CNN NEWS
POSTED: 6:54 p.m. EDT, April 24, 2007
Lynch's testimony began with a recollection of the March 23, 2003, attack and her purported rescue nine days later.
As she and her fellow 11 soldiers drove through Nassiriya, Iraq, they noticed armed men standing in the streets and on rooftops. Three soldiers were quickly killed when a rocket-propelled grenade slammed into their vehicle, Lynch said.
The other eight died in the ensuing fighting or from injuries suffered during the fighting, she said. Lynch later woke up at Saddam Hussein General Hospital.
"When I awoke, I did not know where I was. I could not move. I could not call for help. I could not fight," she said, explaining she had a six-inch gash in her head and numerous broken bones. "The nurses at the hospital tried to soothe me, and they even tried unsuccessfully at one point to return me to Americans."
On April 1, U.S. troops came for her.
"A soldier came into the room. He tore the American flag from his uniform, and he handed it to me in my hand and he told me, 'We're American soldiers, and we're here to take you home.' And I looked at him and I said, 'Yes, I'm an American soldier, too,' " she recalled.

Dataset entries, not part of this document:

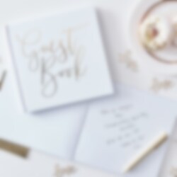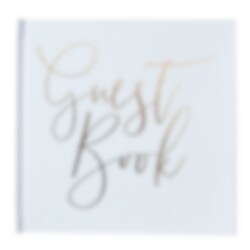 Mooi gastenboek van met harde kaft in wit en bedrukte goudfolie tekst. Het gastenboek bestaat uit 32 blanco pagina's en is ongeveer 20 x 20 cm groot. Het boek kan met voordeel gebruikt worden bij zowel doop als babyshower.
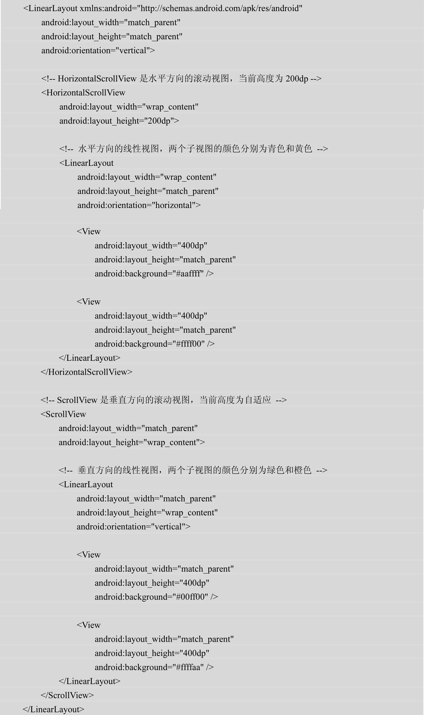 下面是滚动视图ScrollView和水平滚动视图HorizontalScrollView的XML用法示例:
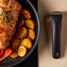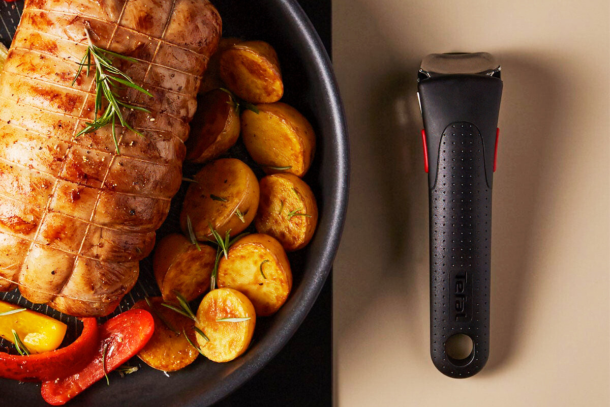 Dicho mango se acopla con un click a presión que sujeta las sartenes y es capaz de soportar hasta diez kilos de peso. Para retirarlo solo debemos pulsar el botón y se soltará sin estropear la sartén ni dañarla de ninguna forma. Así podemos usarlo en varias sartenes a la vez siempre que necesitemos desplazarlas o saltear los ingredientes.

She was distraught to come home and find herself billed as a hero when two of her fellow soldiers had fought bravely until the firefight's end and another had died after picking up soldiers and removing them from harm's way.
"The American people are capable of determining their own ideals for heroes, and they don't need to be told elaborate lies," she said. "I had the good fortune to come home and to tell the truth. Many soldiers, like Pat Tillman, did not have that opportunity.

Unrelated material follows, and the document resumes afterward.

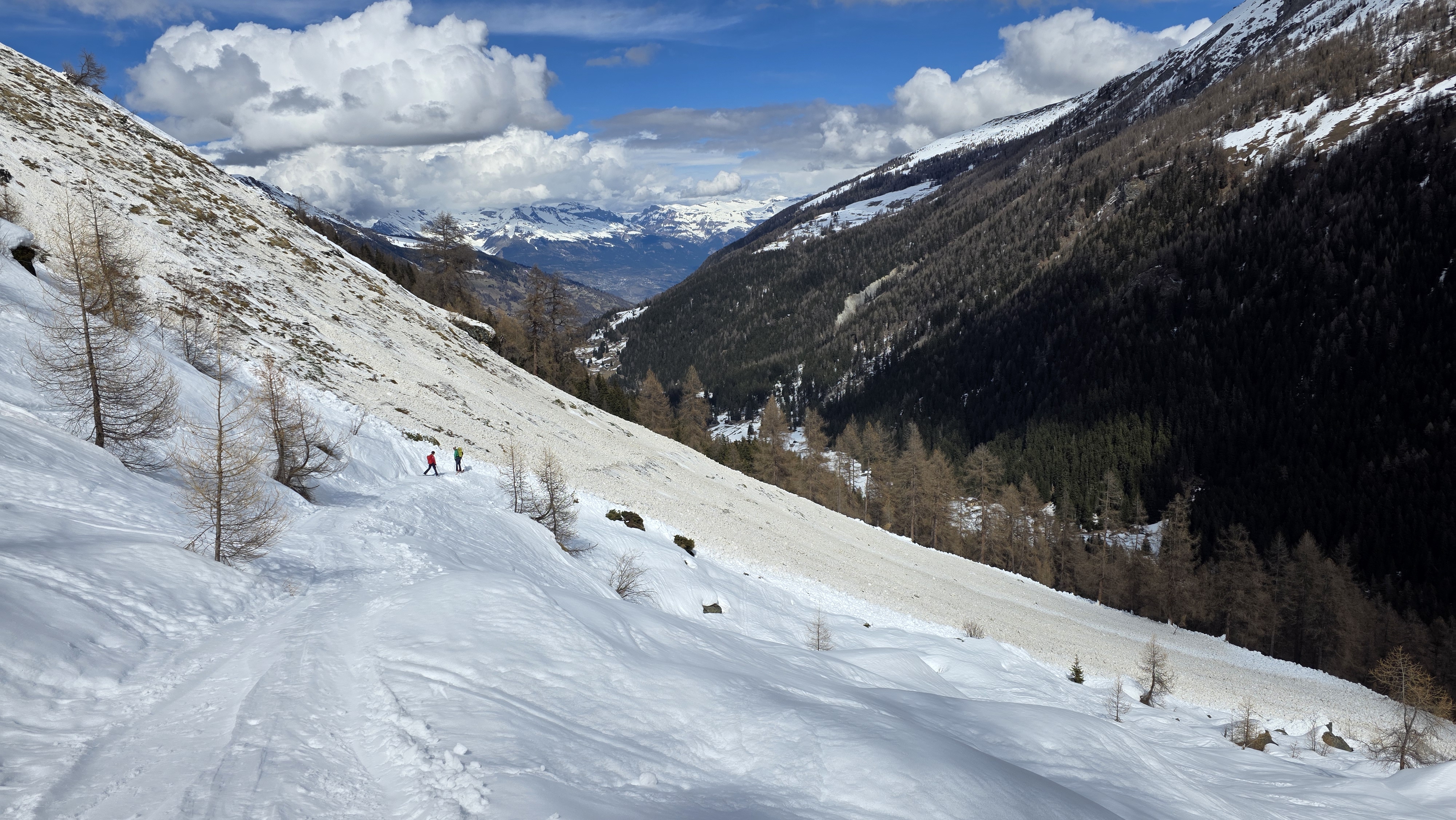 Dal 9 al 17 marzo 2025, una pronunciata situazione di sbarramento da sud ha causato un intermezzo invernale con abbondanti nevicate nelle regioni meridionali. In una settimana, in Ticino e nella zona del Sempione è caduto fino a 1,5 m di neve al di sopra dei 1800 m circa, ma anche nelle regioni occidentali sul Gran San Bernardo e in quelle orientali dalla valle Bregaglia alla zona del Bernina i nuovi apporti sono stati di quasi 1 m. Il manto nevoso ha riacquisito dinamismo: nelle regioni meridionali, specialmente sui pendii esposti a nord la neve è infatti nuovamente caduta su una superficie del manto di neve vecchia sfavorevole formata da strati debolmente coesi a cristalli sfaccettati. Gli strati di neve vecchia e ventata erano pertanto instabili e si sono potuti avere distacchi di valanghe nella parte superiore del manto nevoso. Nel Vallese, in Ticino e nei Grigioni gli strati fragili nella parte basale del manto sono diventati nuovamente instabili. Qui, soprattutto sui pendii in ombra le valanghe hanno coinvolto ancora una volta la neve vecchia basale. Per contro, sui pendii esposti a sud la situazione era più favorevole poiché qui prima delle nevicate il manto nevoso era umido fino in quota. In seguito agli abbondanti apporti di neve fresca, specialmente nelle regioni con un manto di neve vecchia debole e nel sud dei Grigioni il pericolo di valanghe è salito temporaneamente al grado 4 (forte). Qui si è avuta un’elevata attività valanghiva, con numerosi distacchi spontanei o provocati da persone. In particolare in val Müstair, la struttura del manto nevoso era straordinariamente debole; qui le fratture nella neve vecchia basale erano pertanto assicurate: già per tutto l’inverno erano state segnalate valanghe spontanee e provocate di dimensioni pericolose che avevano coinvolto la neve vecchia.

"The truth of war is not always easy. The truth is always more heroic than the hype," she said.
Lynch became a celebrity after U.S. troops filmed what they said was a daring raid on the hospital. Hospital staffers, however, said there were no Iraqi troops at the hospital when the purported rescue took place.
In the March 23, 2003, attack, Lynch, the Army claimed, was shot and stabbed during a fierce gun battle with Iraqi troops that left 11 of her comrades dead. It was later learned that Lynch never fired a shot during the firefight because her gun was jammed with sand.